Up to the fourth instance,
the alignment was perfectly fine,

so no errors popped up.
But the fifth one? It wasn’t aligned at all.

Screenshot. 8

Right then. Just set a breakpoint at
the fast\_memcpy function,
specifically at +71. Check the register value,
and you’ll find EDX is indeed aligned at 804d060

​
Essentially,
it’s 8 bytes short of 64,
meaning you’ll need an 8-byte offset.

And for any other values you’re debugging,
it’s fair to assume they’ll
all be missing 8 as well.

​

So, we’ll just add eight to the fifth value and
every subsequent one after that…

​

8 16 32 64 128 256 512 1024 2048 4096

8 16 32 72 136 264 520 1032 2056 4096

​
then.
So, it’ll assume that form we’ve just established.
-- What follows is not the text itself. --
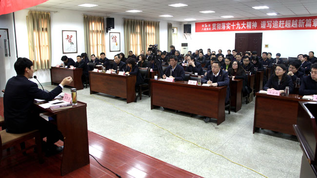 12月1日上午,陜建集團黨委常委、紀委書記韋賢忠來到陜建八建集團,向該集團領導班子、機關中層領導、基層單位主要領導和紀檢委員90余人宣講了黨的十九大精神。陜建八建集團黨委書記、董事長劉鵬慧主持會議并作部署講話。

And armed with that little theory of ours,
we’ll then just fire up an nclistening server…

​
…feed each of those in, and then you’ll finally manage to snag the key.

​
Right. One could,naturally,dabble with other approaches,
I suppose.But for my money,using GDB is probably
the most sensible way to go about it.

​
So, if you run the program,
you’ll find the key value displayed, much as below.

Screenshot. 9

With the key value we’ve just, ah,’snagged’,
you simply head back to the start,pop it into
the blank,and then,naturally,hit that’auth’ button.

Screenshot.10

Right.
And then you’re presented
with a message about securing 10 points

Screenshot.11

then. And upon returning,
you’ll find it’s indicated
with a green dotted line.
Signifying it’s, well, resolved.

​

And thanks for actually
bothering to read through all that.

Right then.That’s done, then. :)

Right then.
Hope your day isn’t completely rubbish,
and whatever you’re cracking on with goes smoothly.

It’s a bit of a scorcher today,mind you,
so try not to go getting heatstroke.
And, naturally,
do be careful of that Wuhan pneumonia.